A comprehensive documentation hub for genetics and brain foundation models and their multimodal integration.
📖 Read the Docs | 🚀 Quick Start | 💡 Use Cases
A documentation-first knowledge base for researchers working with:
- 🧬 Genetic foundation models (Caduceus, DNABERT-2, Evo2, GENERator)
- 🧠 Brain imaging models (BrainLM, Brain-JEPA, BrainMT, Brain Harmony, SwiFT)
- 🏥 Multimodal/Clinical models (BAGEL, MoT, M3FM, Me-LLaMA, TITAN, FMS-Medical)

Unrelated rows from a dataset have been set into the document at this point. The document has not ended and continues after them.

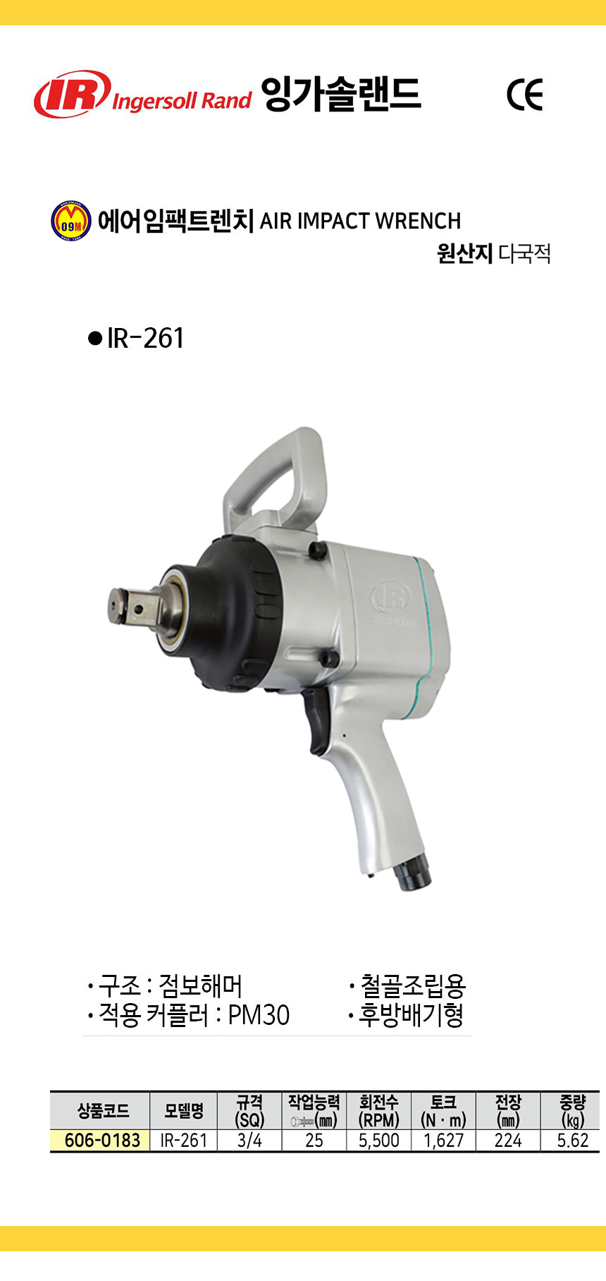 잉가솔랜드 에어임팩트렌치 IR-295A (1SQ) 에어렌치, INGERSOLL RAND 공구몰 추천 C606-0192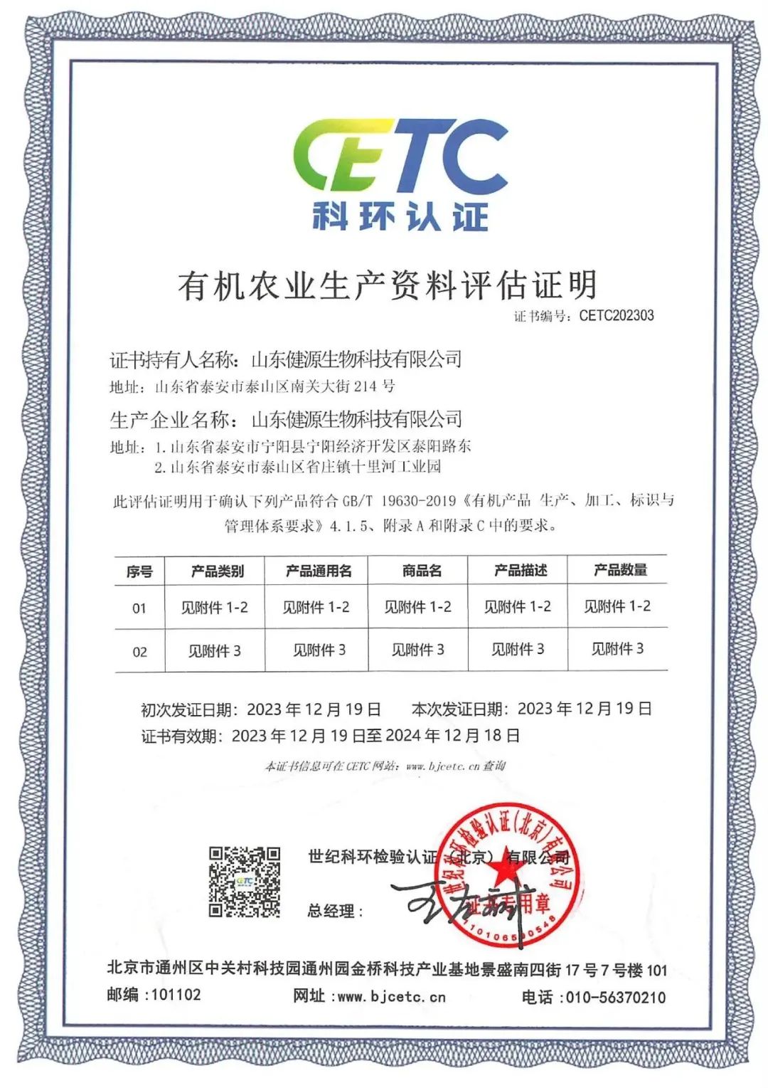 2023年12月,健源生物高活性生物系列產品通過了國內權威第三方認證機構的“有機農業生產資料評估證明”認證。該評估證明用于確認健源生物混合型飼料添加劑、添加劑預混合飼料類產品符合GB/T 19630-2019《有機產品 生產、加工、標識與管理體系要求》4.1.5、附錄A和附錄C中的要求。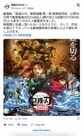 現在公開中の映画『鬼滅の刃 無限城編 第一章 猗窩座再来』。公開一ヶ月で興行収入は257億円を突破し、現時点で国内歴代興収4位と…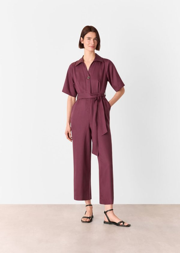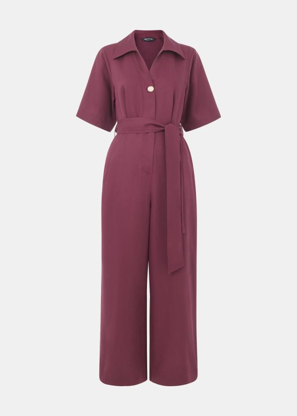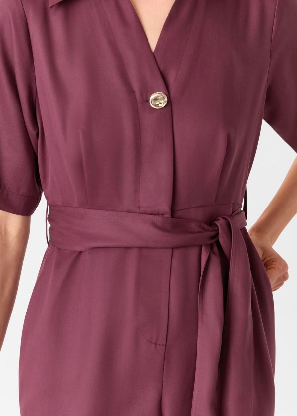 Experience ultimate comfort with our effortlessly chic Button Front Jumpsuit, designed for versatile everyday wear. This stunning piece features a sophisticated plum hue, complete with a classic collar, flattering V-neckline, and elegant button detailing. The included belt allows you to define your waistline, creating the perfect transitional season outfit that transitions seamlessly from day to night.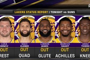 缺阵理由:东契奇休息、克莱伯四头肌、詹姆斯臀大肌受伤、斯玛特跟腱、阿杜膝盖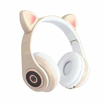 B39 Cute Cat Ear Headset Wireless BT5.0 Foldable Gaming Headphone with Flash RGB lights Earphone TF Card Play/Wired Mode Khaki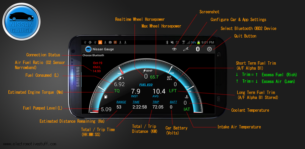 Софт даёт возможность самостоятельно сбросить ошибку двигателя (Check), контролировать расход горючего, сравнивать реальные параметры с заявленными автопроизводителем, учитывать расходы на АЗС и пр.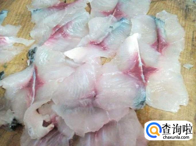 将脆鱼洗净,切成鱼片,放入料酒、盐、酱油一起腌制,腌制半个钟头。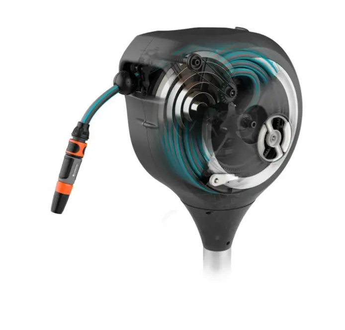- De geïntegreerde slanggeleiding maakt onder andere gelijkmatig intrekken mogelijk zonder dat de tuinslang knikt of in de war raakt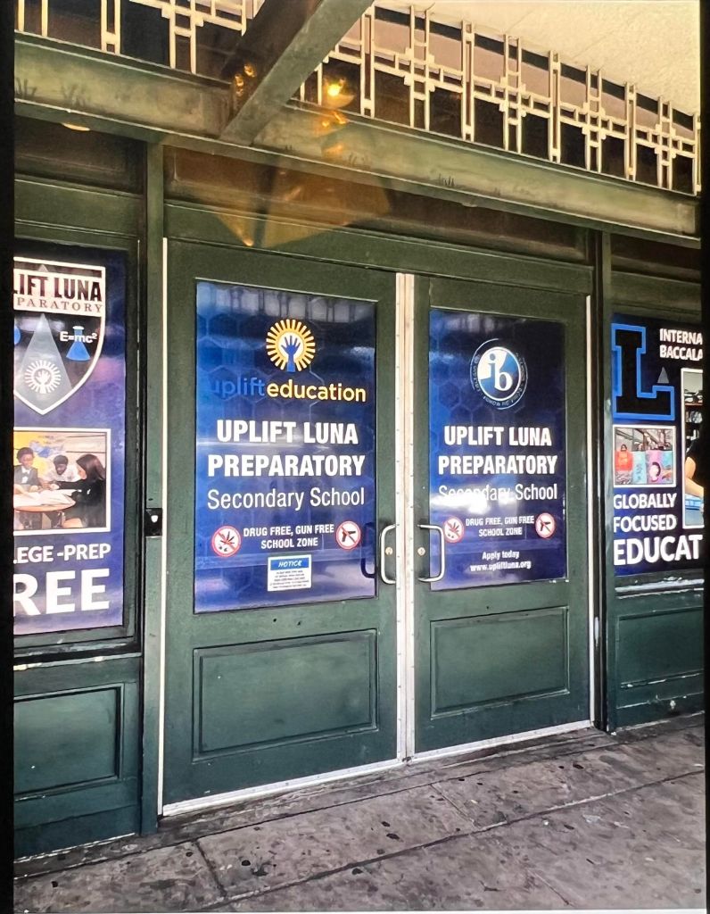 I was teaching in Garland one morning when the vice principal came into my class and said, “Mr. Deen, I heard you are retired but you still got it, we have an opening in Farmers Branch. Would you like to come onboard full time?” I did not give it any thought because I like choosing my scheduleand I had taught at Farmers Branch.A K-9 to sniff for drugs in my classroom. The handler permitted me to take this photo. (South Dallas-name withheld) When the dogs come, they will come up to me asking for fragrance because I always smell good. I will not condone their behavior and turn them down.I never would have guessed there is a school in Deep Ellum until I was assigned there. The problems here are, there is no playground, everyone is locked-in, and as a tourist area, food is expensive. (See the condition of the pavement due to heavy foot-traffic?) Bring your lunch. Two things I can guarantee, the teachers in these schools are good and security is tight. When I do not have class, I enjoyed watching them teach. This is not the entrance.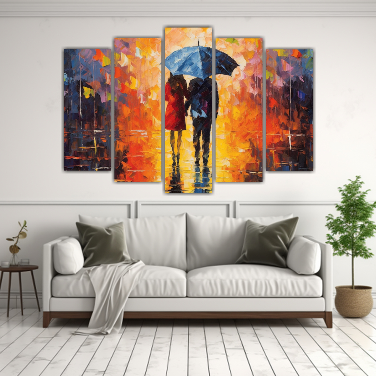 Coloca este cuadro ‘Pareja bajo paraguas’ en la sala de estar para crear un ambiente romántico y acogedor Combínalo con muebles en tonos neutros y elementos decorativos en los colores del lienzo para una decoración armoniosa y elegante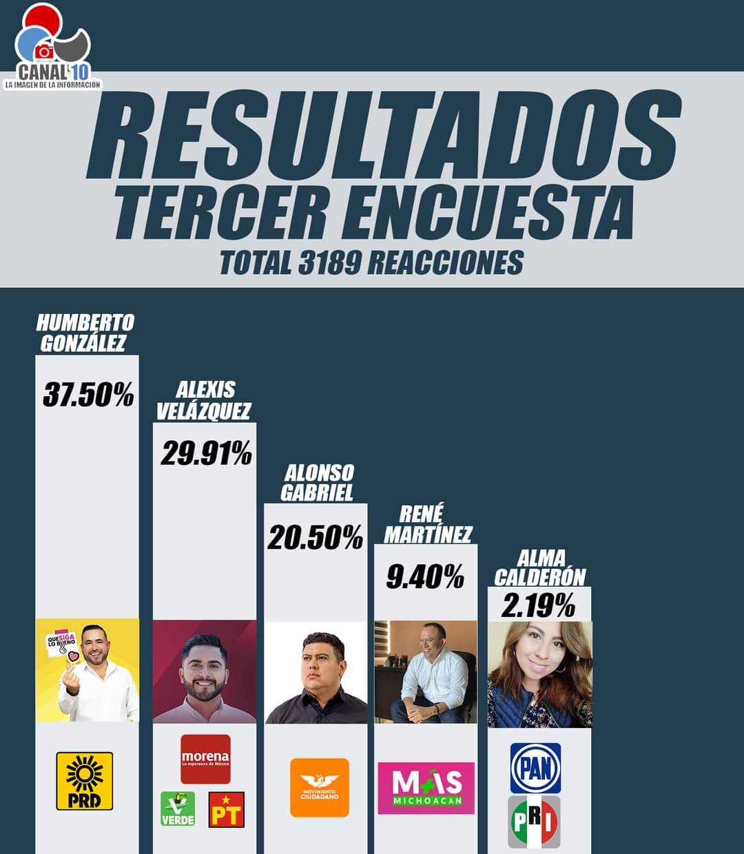El reciente ejercicio realizado por Canal 10 la Imagen de la Información en el municipio, de 3 mil 189 participantes en la encuesta, Humberto González la ganó con 37.50 por ciento de los votos, le sigue Alexis Velázquez con 29.91 por ciento, Alonso Gabriel con 20.50 por ciento, Rene Martínez con 9.40 por ciento y Alma Calderón con 2.19 por ciento.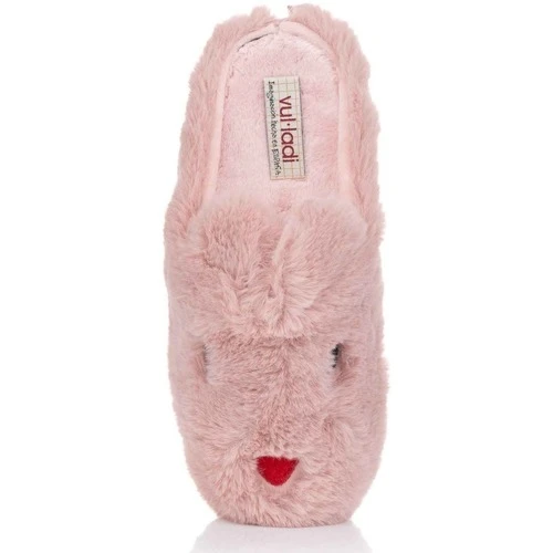 Zapatilla abierta de andar por casa para niña y mujer realizada en suave tejido de pelo con forma de conejo. Suela vulcanizada de caucho flexible y antideslizante. Fabricado en España por la marca Vul-ladi.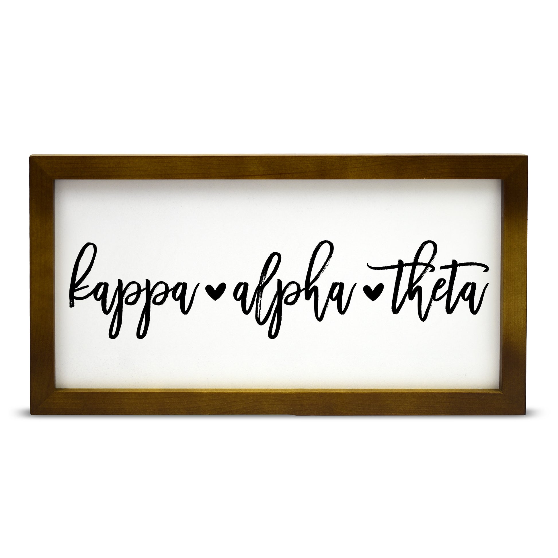 Add Sorority Spirit to your décor with our Sorority Script Large Wall Art! Each wooden sign features a brushstroke script with heart detailing on canvas and bordered with a wooden frame. A great item for yourself or to give as a gift, our wooden sign makes the perfect statement piece for your dorm or sorority house!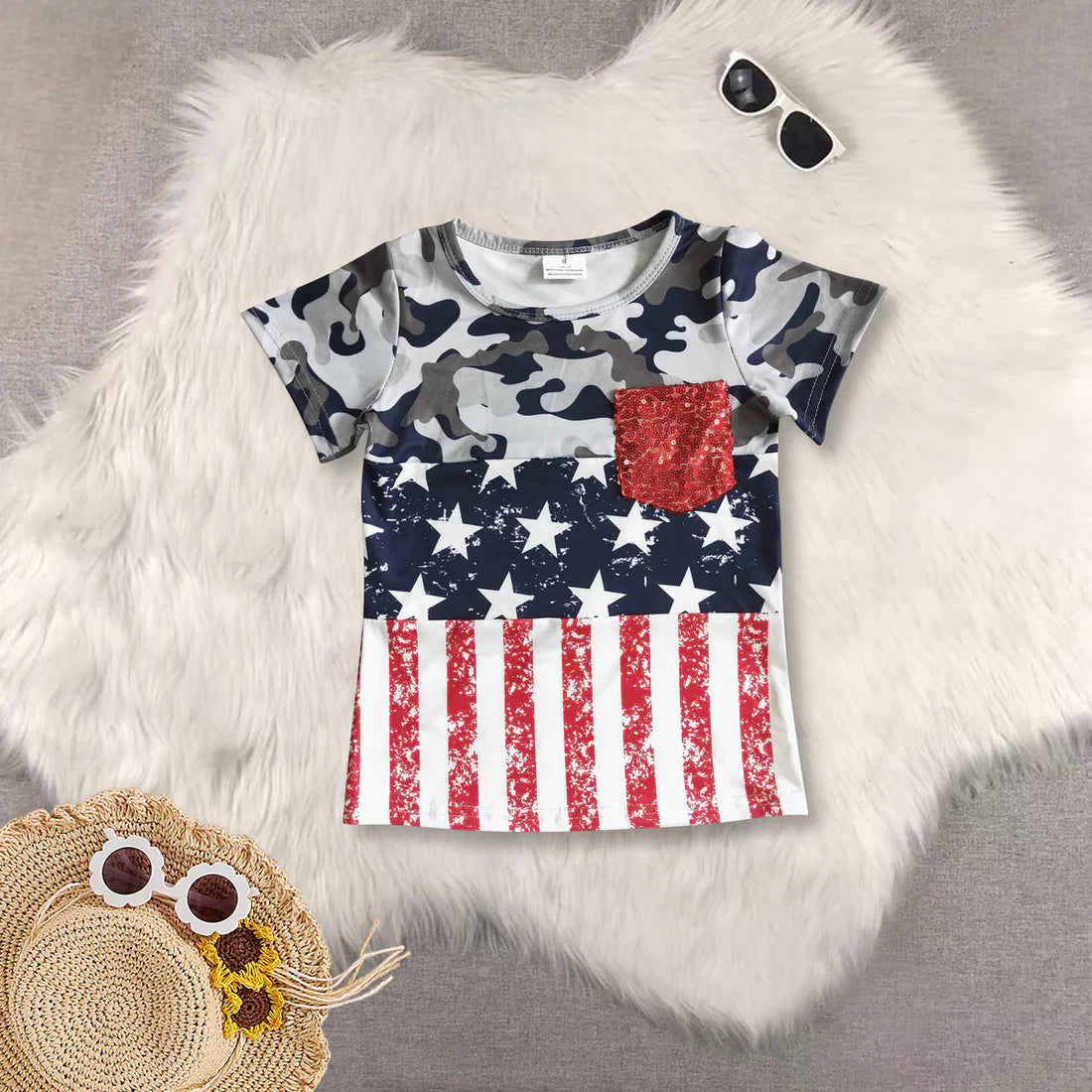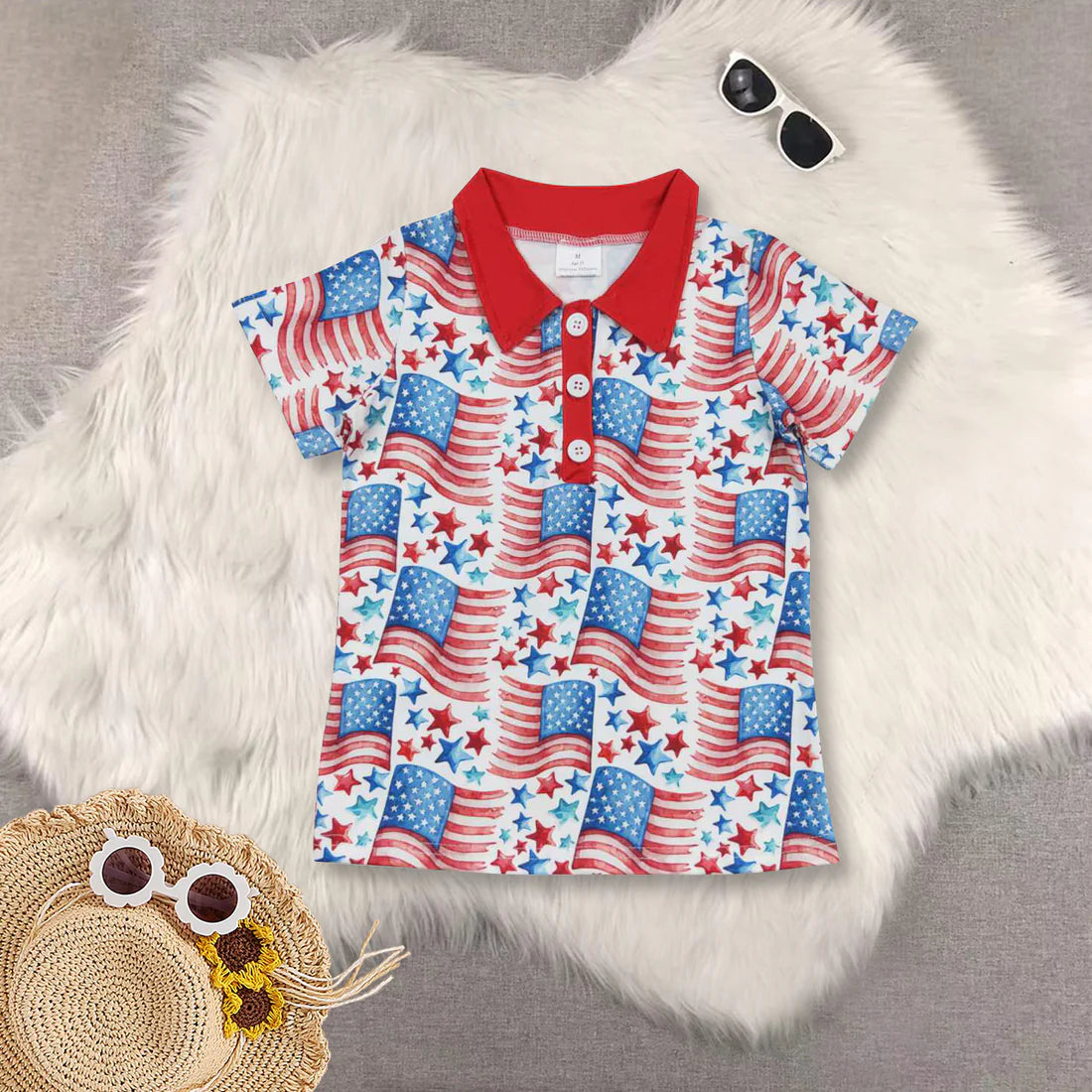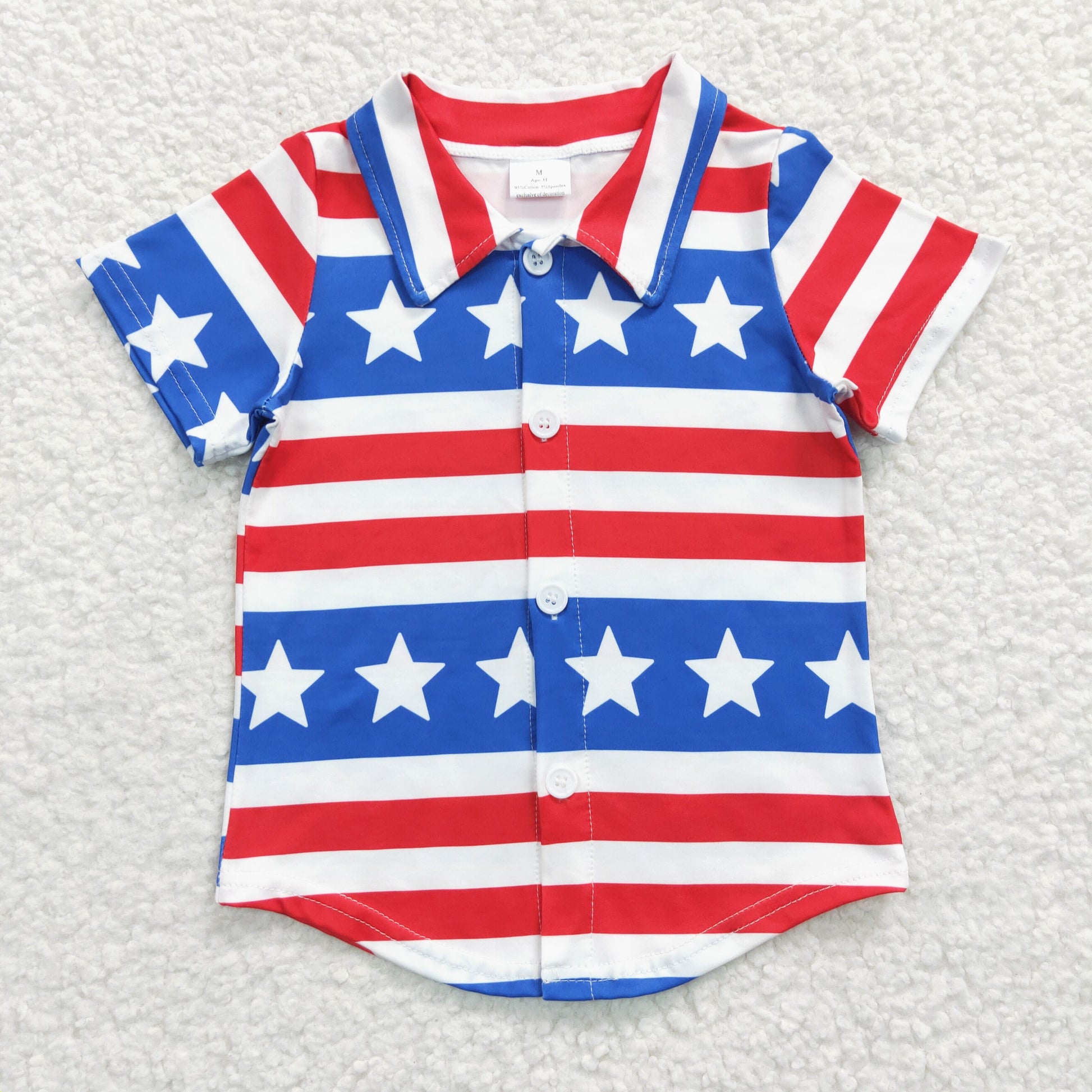 4 Colors Stars Red Stripes Boys 4th of July Buttons Tee Shirts Top Brothers Wear

- 🔗 Integration strategies for gene-brain-behavior-language analysis
Scope: Documentation, metadata cards, and integration patterns — not model implementation code.
# 1. Clone and setup
git clone https://github.com/allison-eunse/neuro-omics-kb.git
cd neuro-omics-kb
python -m venv .venv && source .venv/bin/activate
pip install -r requirements.txt
# 2. View documentation locally
mkdocs serve
# Visit http://localhost:8000
# 3. Validate metadata cards
python scripts/manage_kb.py validate modelsNew to foundation models? Start with:
- 📖 KB Overview - Understand the structure
- 🧬 Genetics Models Overview - DNA sequence models
- 🧠 Brain Models Overview - Neuroimaging models
- 🔗 Integration Strategy - How to combine modalities
This KB supports research across multiple modalities:
- 🧬 Genetics Research - Extract gene embeddings, analyze variant effects, predict phenotypes from DNA sequences
- 🧠 Brain Imaging - Process fMRI/sMRI, extract neuroimaging features, harmonize multi-site data
- 🔗 Multimodal Integration - Fuse gene + brain embeddings, gene-brain-behavior prediction, cross-modal alignment
- 🏥 Multimodal & Clinical Models - Use unified architectures (BAGEL, MoT, M3FM), process medical imaging with clinical text (TITAN, M3FM), leverage medical LLMs (Me-LLaMA)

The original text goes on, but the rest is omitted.